--- EXTRACTED DATA Enclosed Below ---
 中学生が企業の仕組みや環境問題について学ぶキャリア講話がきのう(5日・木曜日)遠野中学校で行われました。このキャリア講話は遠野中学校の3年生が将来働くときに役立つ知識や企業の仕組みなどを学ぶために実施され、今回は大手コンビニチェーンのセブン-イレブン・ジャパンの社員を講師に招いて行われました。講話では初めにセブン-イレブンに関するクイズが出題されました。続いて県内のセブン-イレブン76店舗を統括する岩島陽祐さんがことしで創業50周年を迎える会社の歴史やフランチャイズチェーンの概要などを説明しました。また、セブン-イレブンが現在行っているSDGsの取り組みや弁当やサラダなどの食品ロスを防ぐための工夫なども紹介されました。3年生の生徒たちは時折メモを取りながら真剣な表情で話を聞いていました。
--- End of Enclosed EXTRACTED DATA ---
--- EXTRACTED DATA Enclosed Below ---
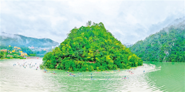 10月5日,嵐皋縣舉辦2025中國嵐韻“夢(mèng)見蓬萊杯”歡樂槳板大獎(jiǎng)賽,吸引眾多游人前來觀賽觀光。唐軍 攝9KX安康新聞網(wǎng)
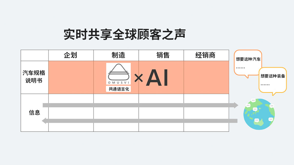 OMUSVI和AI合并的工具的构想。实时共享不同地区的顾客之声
--- End of Enclosed EXTRACTED DATA ---
### [YOUR ASSIGNMENT]
Range to copy from the listing above: the line containing "10月5日,嵐皋縣舉辦202" down to the line containing "OMUSVI和AI合并的工具的构想。实时共享不同地区的顾客之声", both included. Reproduce it exactly, minus the pictures, and add nothing.

### [RESPONSE AREA]
 10月5日,嵐皋縣舉辦2025中國嵐韻“夢(mèng)見蓬萊杯”歡樂槳板大獎(jiǎng)賽,吸引眾多游人前來觀賽觀光。唐軍 攝9KX安康新聞網(wǎng)
 OMUSVI和AI合并的工具的构想。实时共享不同地区的顾客之声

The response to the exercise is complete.